Detailed Description
The invention is described in detail below with reference to the figures and the specific embodiments.
The embodiment provides a method for vocational development planning based on a time sequence knowledge graph, which comprises the following steps: first, step S1: and analyzing and extracting mass information, and constructing nodes and relations of the knowledge graph.
Before constructing nodes and relations of a knowledge graph, massive information needs to be collected, analyzed and extracted, and the method comprises the following steps: resume information extraction, network information extraction and user information collection, in particular to techniques of resume analysis, OCR, named entity recognition and the like. The resume information can describe information of a candidate most directly, resume content is analyzed, automatically classified and added into a knowledge graph, the resume content comprises schools, companies and the like of the candidate, webpage information extraction is also a very important method for obtaining a cow, most of people who build trees for self-work can leave traces in the internet environment actively or passively, and the most direct method such as the candidate has a publicly published paper, a source code of githu, a blog of CSDN and the like can further improve the information of the candidate.

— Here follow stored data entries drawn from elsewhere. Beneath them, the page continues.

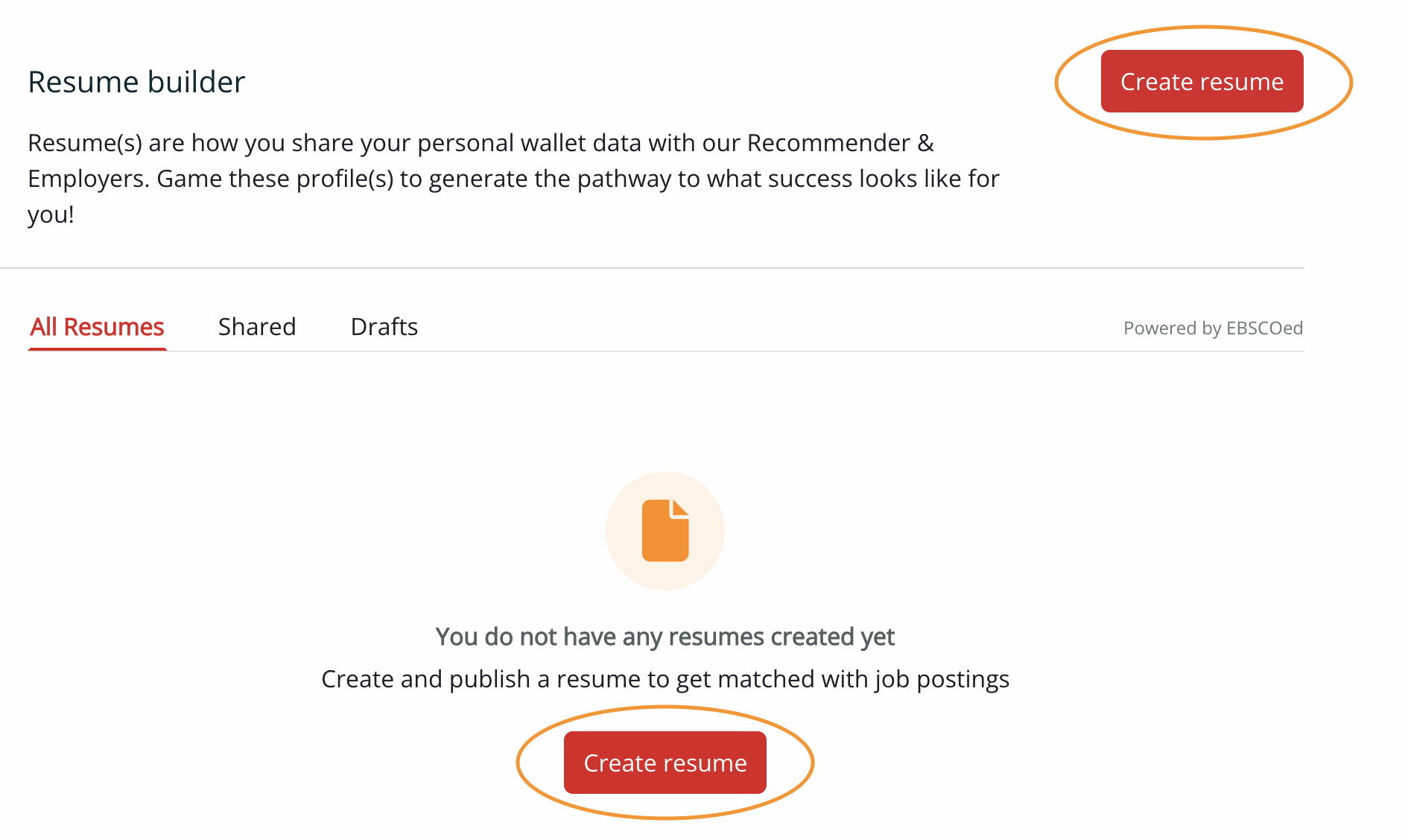2. Click on one of the red "Create resume" buttons.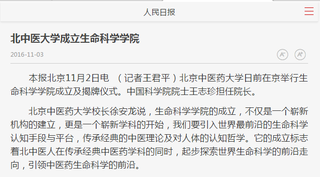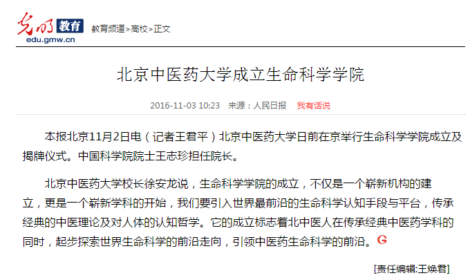 11月1日-3日,《人民日報》、《中國中醫藥報》、《健康報》、光明網、中國教育網絡電視臺等社會媒體報道我校舉行生命科學學院成立及揭牌儀式。全文如下: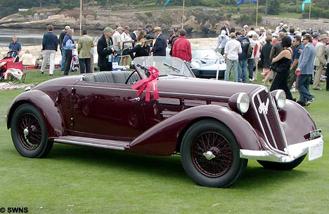 这辆举世无双的两座跑车是阿尔法·罗密欧当年作为礼物送给墨索里尼的,因为在“大萧条”时期,墨索里尼曾对轿车生产业做出过一定贡献——出面干涉使生产商从濒临倒闭的境地“起死回生”。墨索里尼后来将这辆跑车的发动机功率由原来的68马力改进到95马力。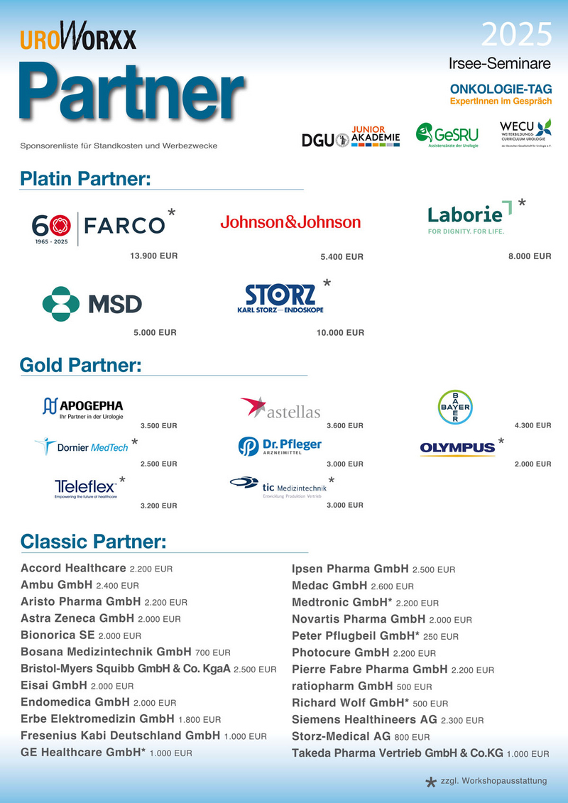 Hier werden Tipps und Tricks zu Diagnostik und Anfängeroperationen, für die ersten Nachtdienste, zur Anamnese- und Gesprächsführung und zu rechtlichen Aspekten vermittelt. Spezielle Workshops befassen sich mit Bildgebung, Urodynamik, Prostatabiopsie sowie Knoten- und Nahttechniken.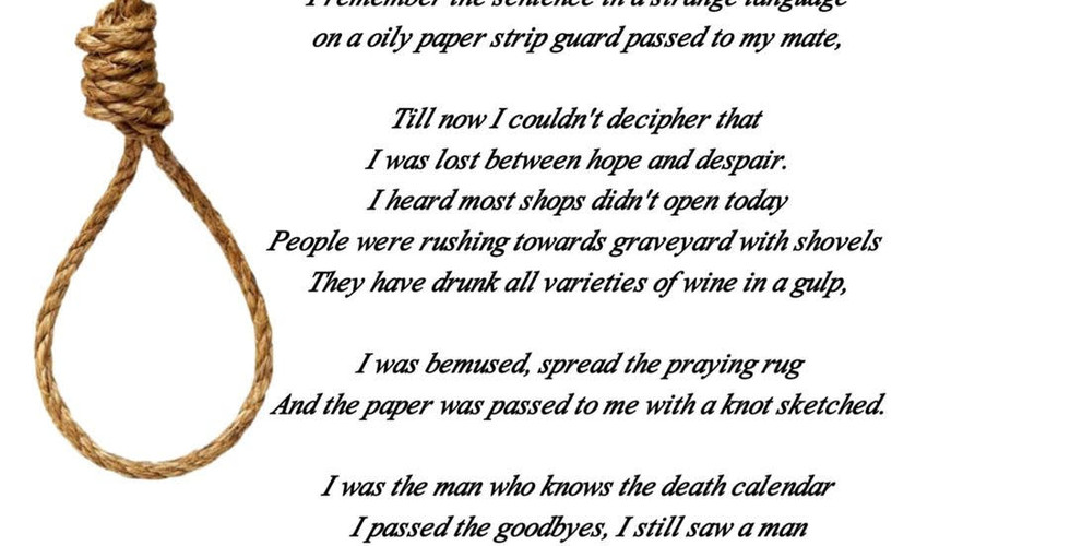 Peeping through the broken window My ears deaf and my mouth numb Along the police sirens and honking horns of ambulances I remember the sentence in a strange language on a oily paper strip guard passed to my mate. Till now I couldn't decipher that I was lost between hope and despair. I heard most shops didn't open today People were rushing toward graveyard with shovels They have drunk all varieties of wine in a gulp I was bemused, spread the praying rug And the paper was passed to me with a knot sketched. I was the man who knows the death calendar I passed the goodbyes, I still saw a man Peeking through the broken window.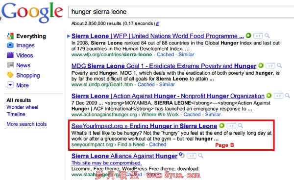原图中范例所使用的关键字并不恰当,所以我实际使用"hunger sierra leone"在Google.com中搜寻,发现依旧是Page B获得了比较好的名次。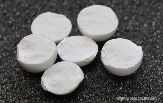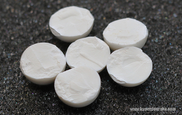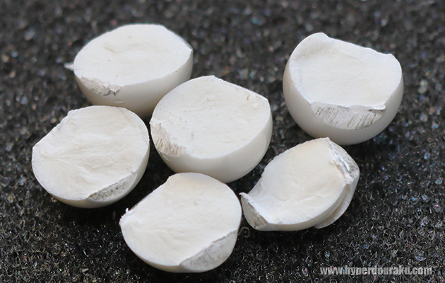ペンチで割る際の粘りは0.20gや0.25gより明らかに少なめ。念の為メッシュゴーグルに対して近距離からは撃たない方が良いかも。やはり内部に気泡ナシ。内部成分の粒子も均一に見える。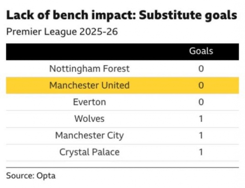 Bảng xếp hạng tác động của cầu thủ dự bị (trích The Athletic – Opta) cho thấy khoảng cách lớn giữa Man Utd và các đội bóng có chiều sâu tốt như Brighton, Aston Villa hay Sunderland, những đội sở hữu từ 7 đến 13 đóng góp trực tiếp (bàn thắng + kiến tạo) từ cầu thủ thay người. Trong khi đó, Man Utd chỉ có… 1.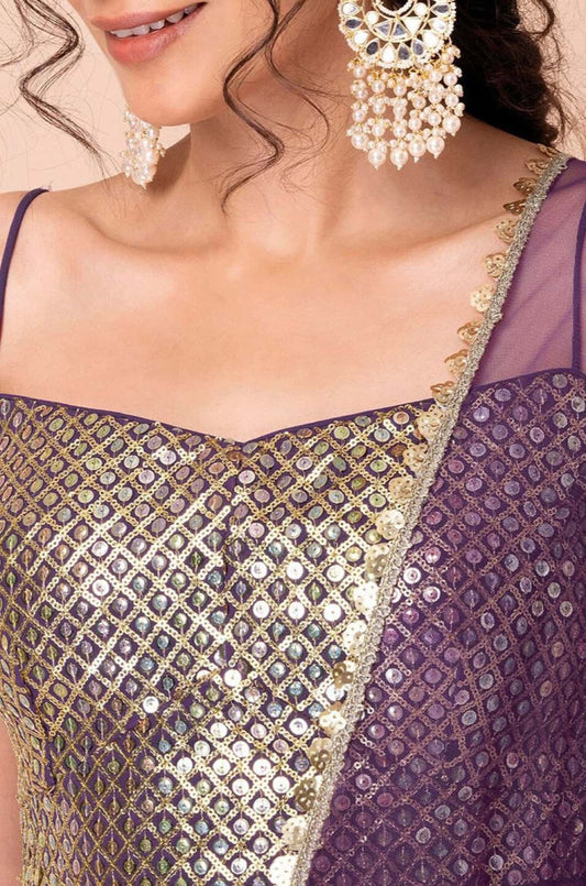 Regular price From £112.35 GBPRegular priceUnit price / per£219.57 GBPSale price From £112.35 GBP-48% OFFPurple Georgette Lehenga Choli - SFZC4205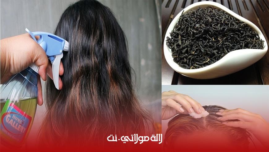 قومي بخلط  جميع المكونات المذكورة في كسرولة وضعيها فوق النار لتغلي  لمدة 4 دقائق ثم ارفعيها من على النار واتركيه حتى يبرد ثم قومي بتصفيته ، ضعي الخليط في بخاخ وعلى شعر نظيف أي ليس به قشرة قومي برشه جيدا من الجذور إلى الأطراف مع تدليك فروة الرأس قليلا ثم وزعيه على كامل شعرك واتركيه لمدة ساعة كاملة اغسلي شعرك بالشامبو الخاص بك وكرري الطريقة 3 مرات بالأسبوع حتى يختفي الشيب تماما .
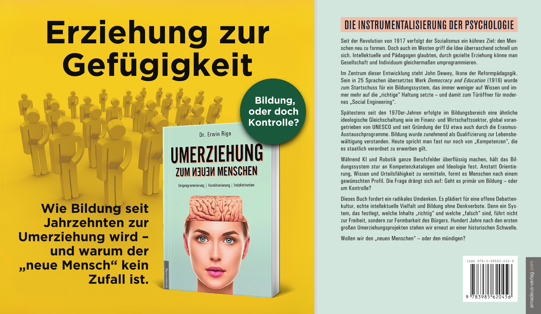 Das Buch „Umerziehung zum neuen Menschen“ ist seit Mitte Dezember 2025 verfügbar: Taschenbuch (Softcover) ISBN 978-3-98562-045-6 zum Preis von 19 EUR (DE) bzw. 19,60 EUR (AT) bzw. 21 CHF über den Buchhandel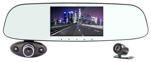 - регистратор в виде зеркала с 3 камерами запись видео 1920×1080 при 30 к/с угол обзора 120° с экраном 5" работа от аккумулятора поддержка карт памяти microSD (microSDHC) встроенный микрофон подключение внешних камер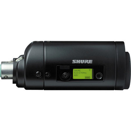 The Shure UR3 Plug-on Wireless Microphone Transmitter for UHF-R Wireless Systems (H4:518 - 578MHz) is designed to turn any XLR microphone into a wireless transmitter compatible with Shure's UHF-R's wireless systems. The unit itself is ergonomically designed to be comfortable in your hand as an extension of your microphone. It has a backlit LCD display that allows you to create up to 10 microphone ID lists for fast recall of commonly used settings. Aside from use with microphones, the UR3 accepts line level sources. It syncs to a UHF-R series receiver via infrared. It is powered by two AA batteries that can provide up to 10 hours of life when used with a dynamic mic.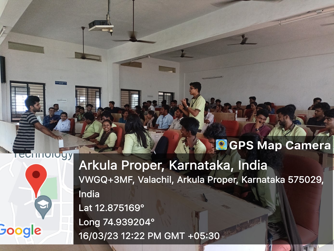 The student Association of Marine Engineering AIMES organized a technical talk on “Career at sea” on 16th March 2023. Mr. Chethan, an alumnus of SIT, currently working as a Marine Engineer with Wilhelmsen ship management Limited was invited as the resource person. Mr. Chethan discussed various career opportunities within the shipping industry and shared his personal experiences as a junior engineer working onboard ships.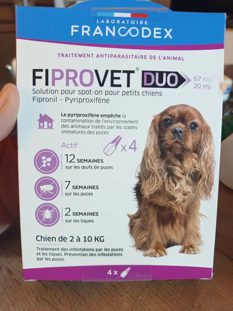Protection externe petit chien, francodex, fiprovet duo, neuf, date de péremption dépassée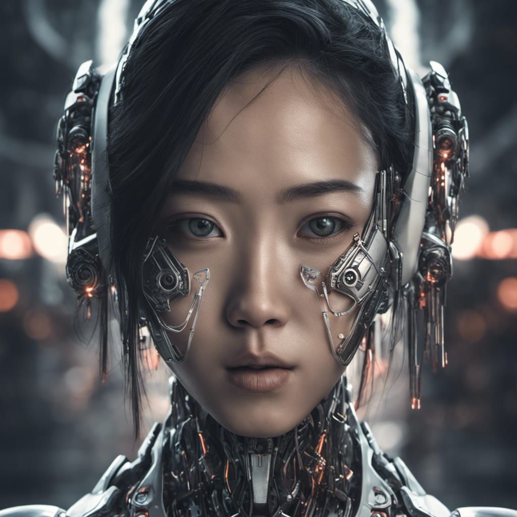 This image captures a stunning cyborg maiden with intricate details, set in a moody atmosphere with high contrast and cinematic lighting, showcasing a blend of human and robotic features in a hyperrealistic representation.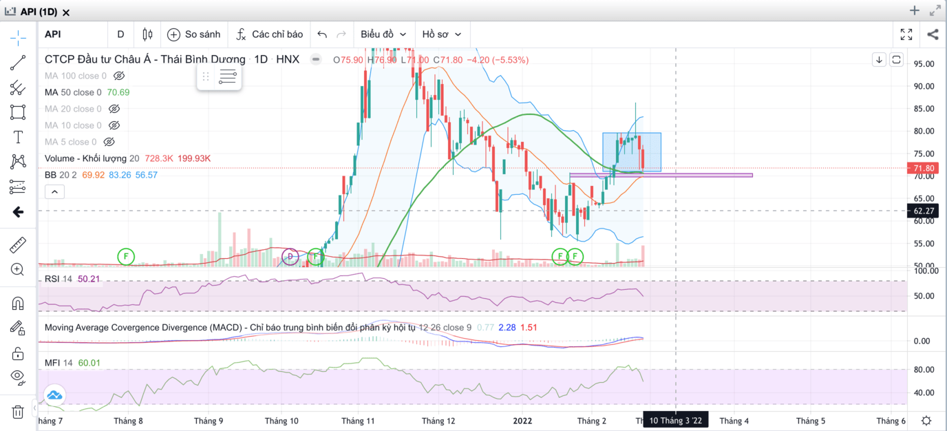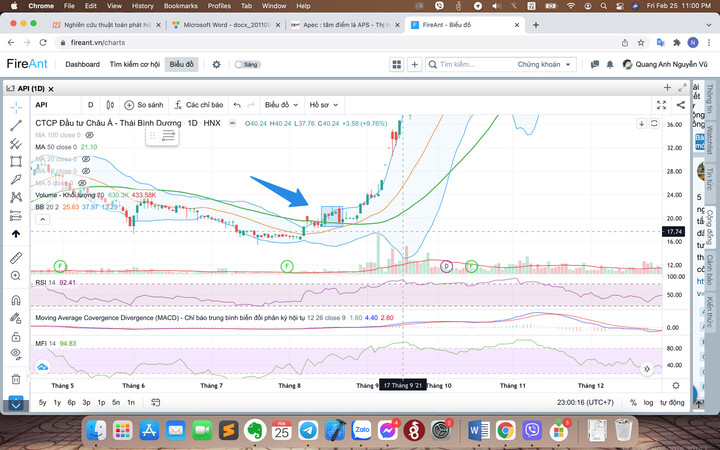 Em mới soi lại chart cũ thì còn thấy có đoạn vùng 2x API đã từng đánh kiểu này, tích luỹ vài phiên, gãy giả, chạm MA 50, hỗ trợ rồi bật tăng mạnh, xác định chân sóng
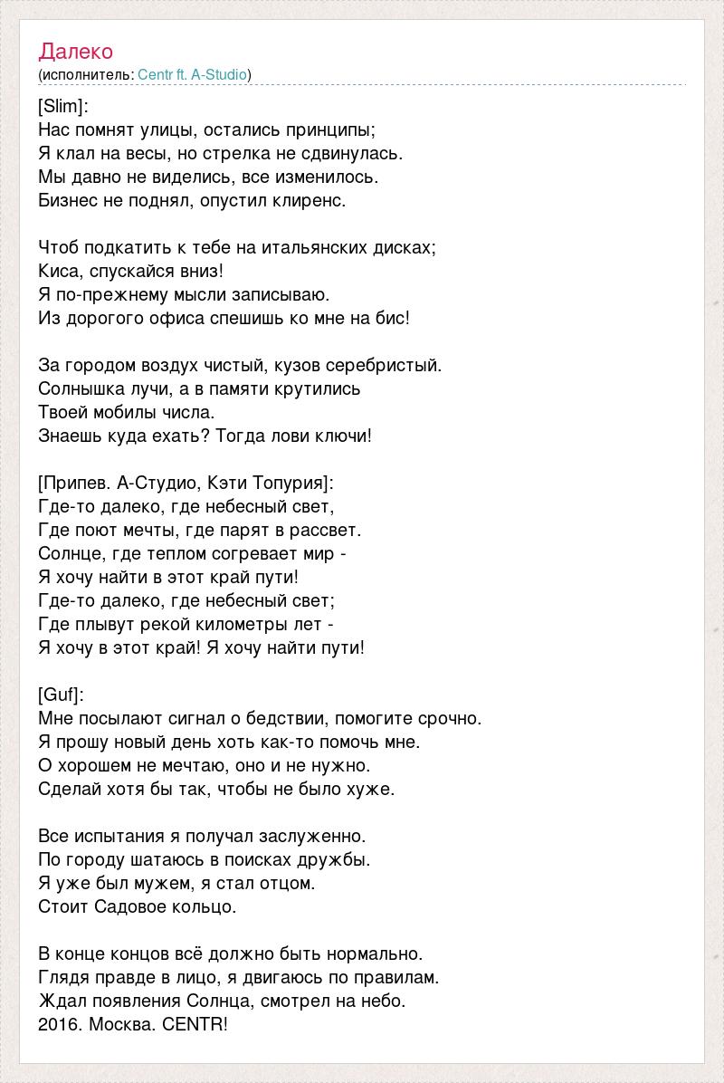[Slim]: Нас помнят улицы, остались принципы; Я клал на весы, но стрелка не сдвинулась. Мы давно не виделись, все изменилось. Бизнес не поднял, опустил клиренс. Чтоб подкатить к тебе на итальянских дисках; Киса, спускайся вниз! Я по-прежнему мысли записываю. Из дорогого офиса спешишь ко мне на бис! За городом воздух чистый, кузов серебристый. Солнышка лучи, а в памяти крутились Твоей мобилы числа. Знаешь куда ехать? Тогда лови ключи! [Припев. А-Студио, Кэти Топурия]: Где-то далеко, где небесный свет, Где поют мечты, где парят в рассвет. Солнце, где теплом согревает мир - Я хочу найти в этот край пути! Где-то далеко, где небесный свет; Где плывут рекой километры лет - Я хочу в этот край! Я хочу найти пути! [Guf]: Мне посылают сигнал о бедствии, помогите срочно. Я прошу новый день хоть как-то помочь мне. О хорошем не мечтаю, оно и не нужно. Сделай хотя бы так, чтобы не было хуже. Все испытания я получал заслуженно. По городу шатаюсь в поисках дружбы. Я уже был мужем, я стал отцом. Стоит Садовое кольцо. В конце концов всё должно быть нормально. Глядя правде в лицо, я двигаюсь по правилам. Ждал появления Солнца, смотрел на небо. 2016. Москва. CENTR!

Moreover, the method can be used for collecting user data in real time, and specifically comprises the following steps: and (3) performing real-time dynamic capture on public information on a network through a data capture tool, such as company information: industry, scale, organizational structure, service scope, location, etc., institution information: school, specialty and level, job information: company, recruitment information, demand, etc. In addition to these hard information, soft indicators are also very important, so we will collect user information, i.e. user information obtained after contacting with candidates (e.g. hunter or HR) using our recruiting platform, such as communication ability, expression ability, etc.
Moreover, the nodes and relations for constructing the knowledge graph specifically include: s11: constructing skill knowledge nodes and relations; s12: constructing probability knowledge nodes and relations; s13: constructing knowledge nodes and relations of a company school; s14: and constructing a talent time sequence knowledge node and a relationship.
The skill knowledge is the skill knowledge of all-industry all-post, and comprises a first-level industry, a second-level function, a third-level post, professional skills and soft skills; the probability knowledge is the probability of various characteristics; the company school knowledge comprises logos, incomes, websites, properties, people numbers, organization structures, departments, teams and posts of a company, and grades, starting time, official networks, hospital systems and specialties of schools; the talent time sequence knowledge comprises resumes of a large number of candidate talents in the mass information and time for adding the large number of candidate talents into the knowledge graph.
Thus, the method combines a large amount of information of the candidate, and combines the information of the current market environment and the like, including education background, classmates information, colleagues information, company information, industry, project experience and some basic information, such as the city, income curve and position information. And forming a knowledge graph structure according to the mass information content.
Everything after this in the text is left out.